Market fundamentalism

Market fundamentalism

Market fundamentalism (also known as free market fundamentalism) is a pejorative term applied to a strong belief in the ability of laissez-faire or free market economic views or policies to solve economic and social problems.[1]

Critics of free market extremism have used the term to denote what they perceive as a misguided belief, or deliberate deception, that free markets provide the greatest possible equity and prosperity,[2] and that any interference with the market process decreases social well being. It can be shown that free markets maximize the total profits but not the highest level of well being for *all* of society. Users of the term include adherents of interventionist, mixed economy and protectionist positions,[3] as well as billionaires such as George Soros,[4] and economists such as Nobel Laureate Joseph Stiglitz.[5] Critics cite as fundamentalist the unshakable belief, even against the evidence, that unfettered markets maximize individual freedom, that they are the only means to economic growth and that society should adhere to their specific ideas of progress.[6][7][8] Ideas ascribed to fundamentalists include the belief that markets tend towards a natural equilibrium, and that the best interests in a given society are achieved by allowing its participants to pursue their own financial self-interest with little or no restraint or regulatory oversight.[1][9] While this might have been true in the middle ages, with world-wide conglomerates, or even merely large companies, the individual has no protection against fraud nor harm caused by products that maximize income by imposing externalities on the individual consumer as well as society.

The expression is usually rejected as a pejorative term by the persons and organizations to whom it is applied.[10]
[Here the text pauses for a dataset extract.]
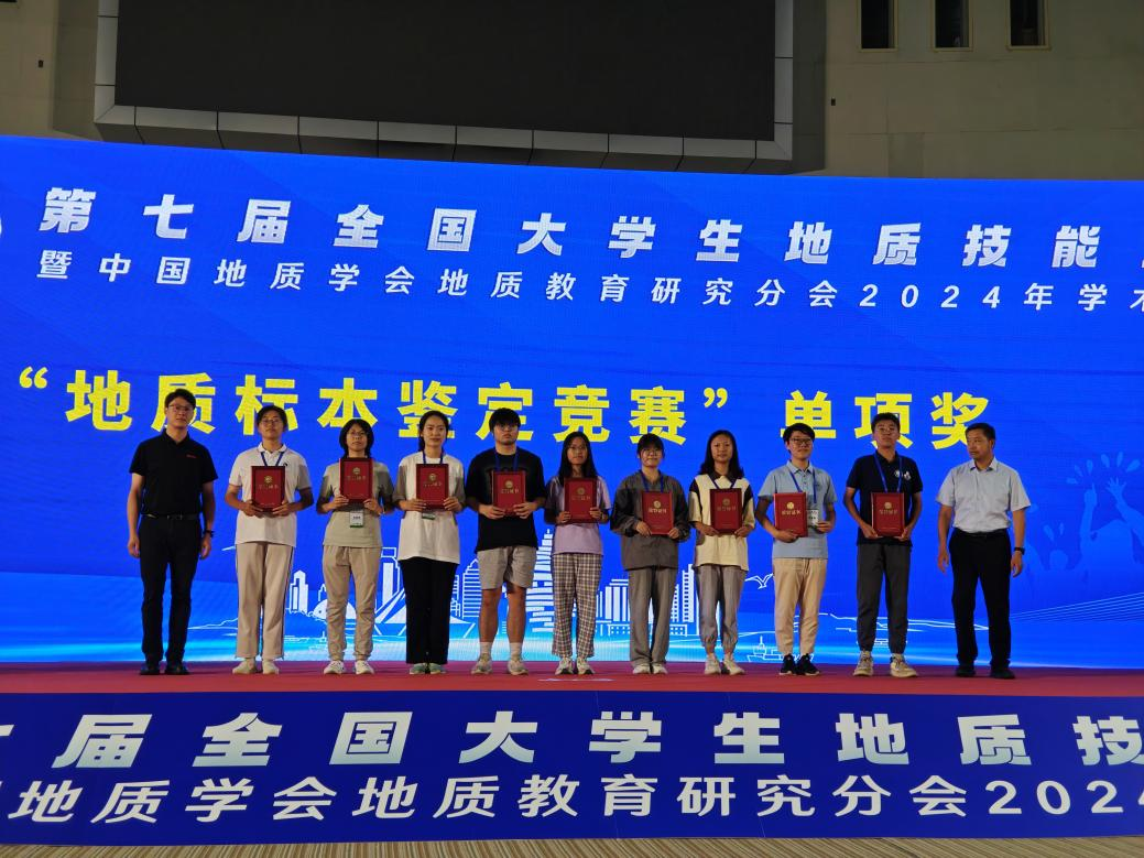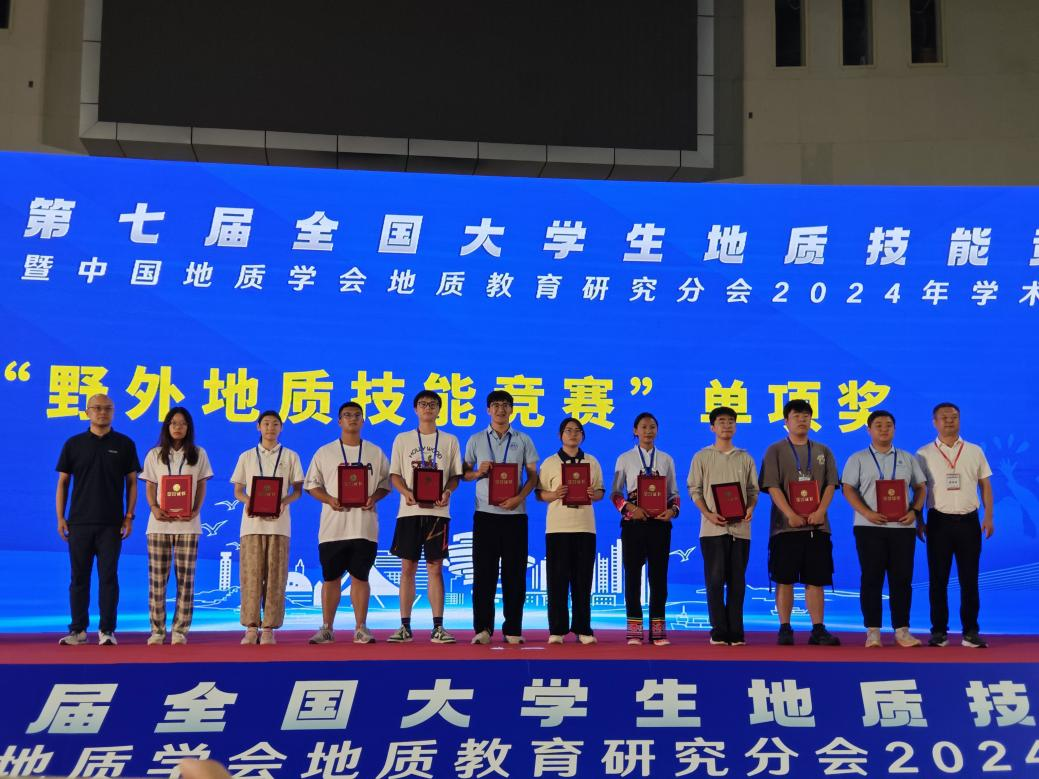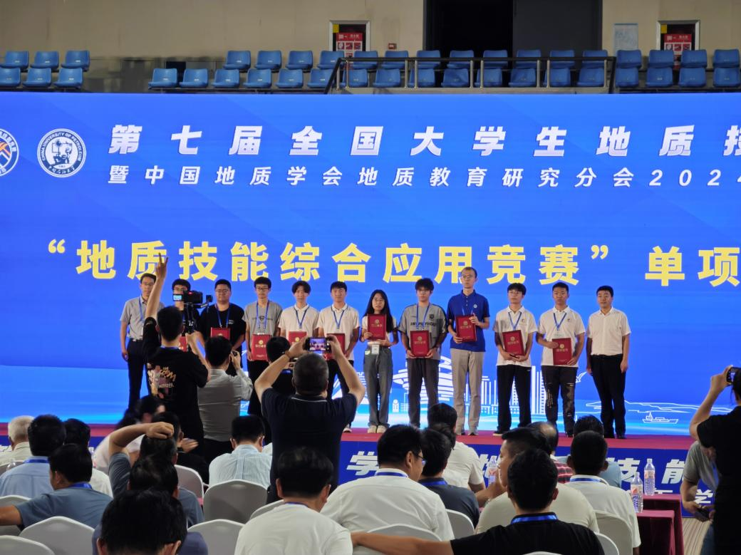 代表队在领队许中杰、带队教师高福红、李晓波、廉墨客,队员王治豪、谈话、周俊宏、柯皓文、毕研威、李婵、岳豪勃、代金韬、王薇的共同努力下,在各个环节中均表现出色,获得地质标本鉴定组特等奖2项,一等奖1项;野外地质技能竞赛组一等奖1项,二等奖2项;地质技能综合应用组二等奖3项;以优异的成绩进入地学知识竞赛环节的参赛资格。在知识竞赛中三位同学力争上游,斩获了一等奖的殊荣。本次竞赛中共获特等奖2项,一等奖2项,二等奖5项,获奖项目覆盖率达到100%,最终荣获团体奖特等奖。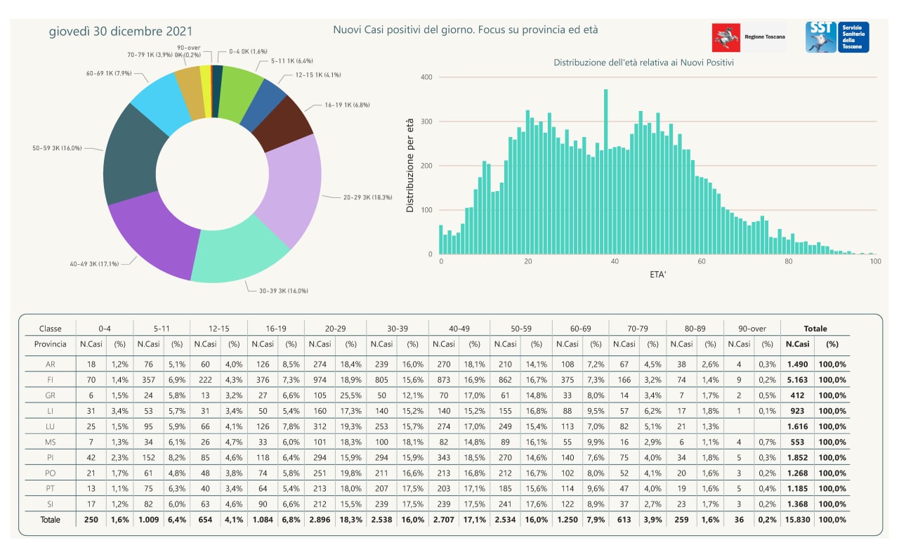 “I nuovi casi registrati in Toscana sono 15.830 su 69.759 test di cui 25.126 tamponi molecolari e 44.633 test rapidi. Il tasso dei nuovi positivi è 22,69% (69,6% sulle prime diagnosi).

According to economist John Quiggin, the standard features of "economic fundamentalist rhetoric" are "dogmatic" assertions and the claim that anyone who holds contrary views is not a real economist.[11] John Ralston Saul claims this is simply a form of bullying.[12] This approach follows from evidence that neoclassical economics provides a scientific explanation of economic phenomena, an explanation that economists state represents the status of scientific truth (if, and only if, all of the assumptions involved in deriving the economic analysis are simultaneously satisfied). However, Kozul-Wright states in his book The Resistible Rise of Market Fundamentalism that "ineluctability of market forces" neo-liberals and conservative politicians tend to stress, and their confidence on a chosen policy, rest on a "mixture of implicit and hidden assumptions, myths about the history of their own countries' economic development, and special interests camouflaged in their rhetoric of general good".[13]

Contents

History of the term

The expression "market fundamentalism" was popularized by billionaire investor, left-wing activist, and philanthropist George Soros in his book The Crisis of Global Capitalism (1998),[14] in which he writes "This idea was called laissez faire in the nineteenth century... I have found a better name for it: market fundamentalism.".[15] P. Sainath believes Jeremy Seabrook, a journalist and campaigner, first used the term.[16] The term was used by John Langmore and John Quiggin in their 1994 book Work for All. [1].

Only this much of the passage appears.